Первая – в 1926 году, когда будто бы слабую грудью Женю (тогда «грудная болезнь» была приговором, от нее помилования никто не получал, но почему-то считалось неопасным имитировать, хоть это и называлось у проницательных интересничаньем. Когда попозже появился более современный бич – рак, томно закатывать глаза и ссылаться на него, вздыхая, уже не стали), которой никакое лечением Крымом не помогало, отправили «на воды», в безводный Мюнхен, вместе с Жененком. Пастернак решил – и, как всегда, решил за всех, – что ему будет гораздо легче, если в Советскую Россию, в его комнату на Волхонке, вернется одна Женя, для битвы один на один, а Жененок, тяжелое орудие матери, останется у родителей или у сестры с мужем… ну, скажем, потому что крайне зловредные обстоятельства (проживание в действительно все уплотняющейся коммунальной квартире) «не дадут <> здесь развить его до полной пользы для мальчика. <> Не только нам не справиться с трудностями этого критического года» (), как оказалось – ничего невозможного нет, «если Женички не предложат взять на год, но и его мы обречем на худшее, несоизмеримо худшее существованье здесь, нежели в истекшую зиму».
Существованья ткань сквозная. Борис Пастернак. Переписка… Стр. 196, 197.
Евгений Борисович лоялен. Он и примет, как закономерные, покаяния отца: «сколько горя я доставил вашей семье» – в 1958 году для него все еще актуален подсчет битий отцом себя в грудь, – но и сердцем он отца, какого-никакого, простит, ведь нельзя не признать жестокими жизненные трудности, выпавшие на его долю, – это ведь и на мамочкину: «…отца страшило наше окружение в московской квартире. С симпатией относясь к Фришманам (соседям, приехавшим из местечка), он опасался, что я усвою особенности их произношения».
Там же. Стр. 203.
Опасность для ребенка, имеющего интеллигентную мать, няньку – бывшую фрейлину и отца – Бориса Пастернака, налицо. Хотя «ему казалось, что Жонечка, привязавшаяся ко мне, с радостью («радость» для Пастернака всегда наипервейшее условие) возьмет на себя и дальнейшие заботы, дедушка (старуха мать, больная, тоже принималась в расчет) и Федя категорически восстали против этого плана, оберегая Жонечку, которая после нашего летнего житья у нее нуждалась в отдыхе, несмотря на взятую специально для меня няню, прислугу и благополучную жизнь в Мюнхене».

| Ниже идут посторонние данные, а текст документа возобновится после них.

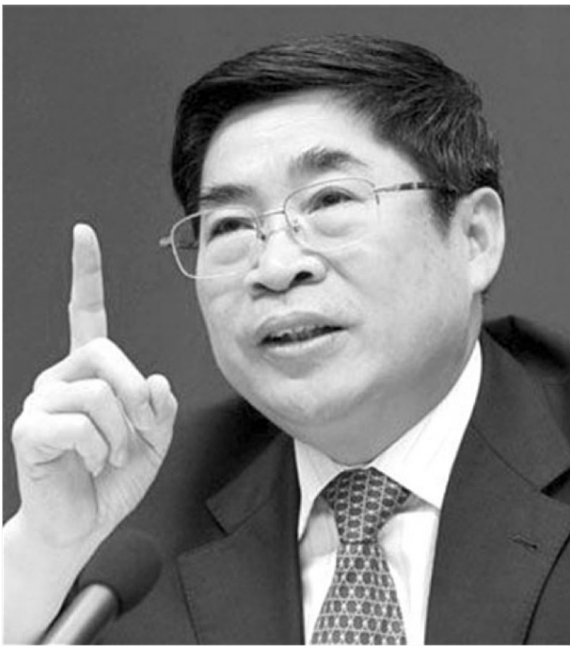
令計劃家族的利益代言人、前山西省委書記袁純清。

據《內幕》雜誌第29期披露，在2012年初，令計劃親自擬定了一份十八大“封官”大名單。在這份被北京官場稱為“令計劃名單”中，令的四大金剛都“榜上有名”，其中江蘇省委書記羅志軍被令計劃和周永康欽點為公安部長，江西省委書記強衛也變成中央政法委書記人選。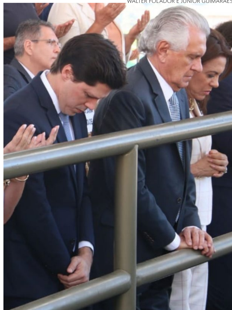
Governador Ronaldo Caiado destaca grandiosidade da festa de Trindade: celebração teve dez dias de eventos e missas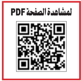
لمشاهدة الصفحة PDF

6 ملايين دينار أرباح «القرين» في الربع الأول بنمو 24٪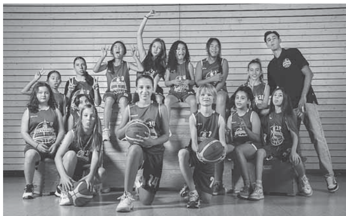
Unsere U12 weiblich

Durch den Hype, den das 3 x 3 Streetballturnier der Damen bei Olympia ausgelöst hat, bieten wir 1 x Woche einen 3 x 3 Abend an. Hier kann man einfach kommen, mit anderen Spielerinnen und Spielern ein Team bilden und dann bei cooler Musik etwas zocken. Ideal für Spielerinnen und Spieler, die dem Ligabetrieb nicht so viel abgewinnen können und trotzdem am Ball bleiben wollen.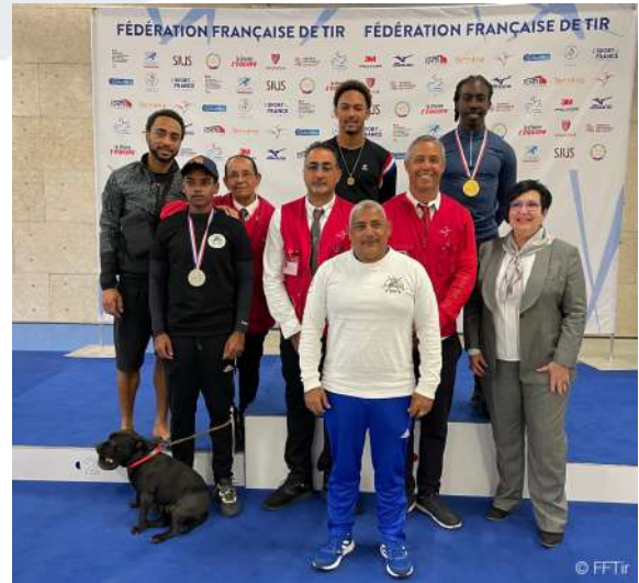
GRAND PRIX DE FRANCE - Arbitres et jeunes Tireurs médaillés Gpe avec la Resp. National de l'Arbitrage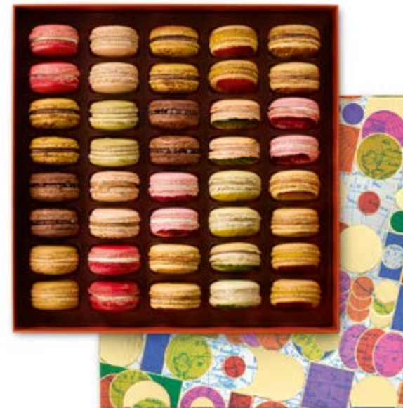
40 MACARONS Coffret 115,64€ HT

«Мне страшно перебирать теперь все эти подробности, сознавая, каким я был несносным ребенком и каких мучений стоил своим родителям, теткам и бабушке. Дело в том, что требования к кормлению, гулянию, сну и тому подобным элементам детской жизни были очень высоки»
Там же. Стр. 203.
Хочется заступиться за несчастного ребенка, Жененочка, взять его из холодных материнских рук и погладить: да полно, какой ты там ужасный ребенок? Хороший маленький ребенок, такой же хороший, как все.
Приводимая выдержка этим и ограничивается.